By this time, the light
was dimming. The sun, unseen behind a thick bank of clouds, was evidently sinking toward the horizon. The lower reaches of the creek were becoming indistinct in shadow.
“Look, is there a chance I could stay the night with you? Just to sleep, you understand. I wouldn’t be any trouble.”
The man shrugged. “Don’t bother me none. You look harmless enough. And I got no one here, no family, nothing. I’d be glad of the company, to tell the truth.”

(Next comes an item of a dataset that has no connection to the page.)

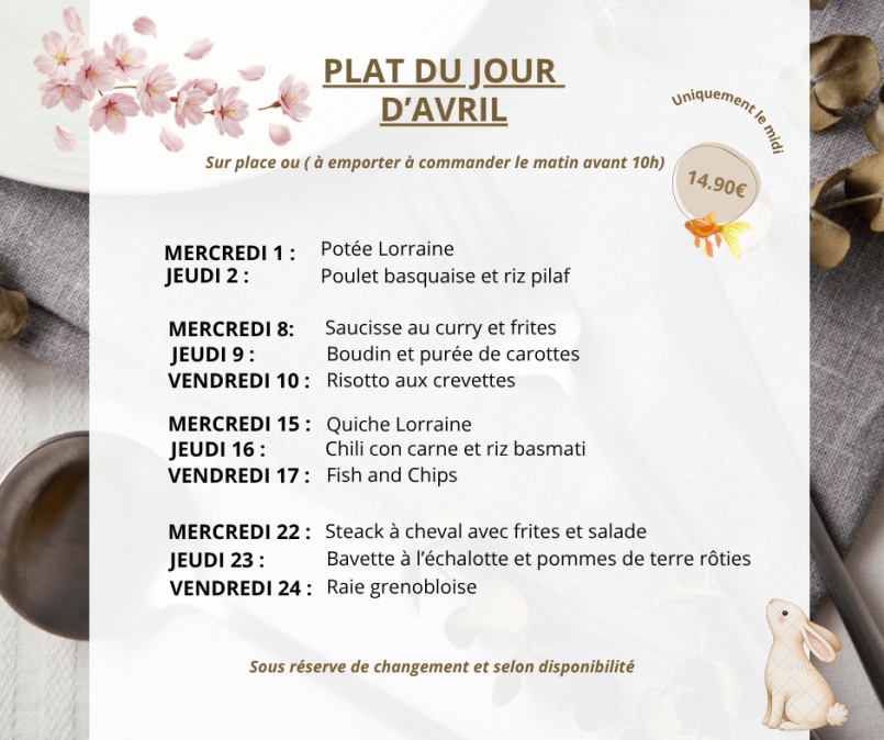 À la carte Si vous êtes pressé, nous vous recommandons de passer commande pour vos plats avant 11h afin d’être servi dès votre arrivée.Tous nos plats sont également disponibles à emporter. J’aime chargement…

“Thanks. What’s your name?”
“The name’s Josiah. Josiah McCaskill.”
Darren stared at him for a moment. “McCaskill?”
“Yeah,” the grizzled old man said, frowning. “You got a problem with that?”
“No. I mean… um, no. I just knew someone with the name of McCaskill, once. It kind of surprised me to hear it.”
“Ain’t a common name,” the man said. “I’m the only one hereabouts with that name, and like as not I’ll be the last as I never married.”
• • •
Josiah McCaskill turned out to be a good enough host. Not as suspicious as Dugal Gillacomgain had been, nor as glum as Per Olafsson. Once Darren told him that he’d shown up at the mill after getting lost in the woods, Josiah accepted his story without further question, only saying, “You got to be careful wandering around in these woods. Never know who or what you’ll run into, and ain’t always who or what you’d want.”
What Darren had been doing in the woods, and why he wanted to talk to Zebulon Bell, didn’t seem to interest him much, although his opinions of the Church of Our Lord Jesus Christ Risen and Triumphant Through Suffering were unequivocal.
“I was down in the town couple of weeks ago,” Josiah told him over a meal of bread, dried venison, and dried fruit. “And I heard them Whackers at their revival meeting. You know why they call ‘em Whackers, right?”
“I’ve heard,” he said, munching on a slice of bread.
“They get called up to witness before the Lord, and then Brother Zebulon and the other Holy Members, as they call themselves, slap ‘em across the face. And after each slap, everybody shouts ‘hallelujah’ like something amazing just happened. Some of the ones who really want to get close to God ask Brother Zebulon to punch ‘em in the jaw or kick ‘em in the shins. Brother Zebulon is perfectly happy to do it, of course.”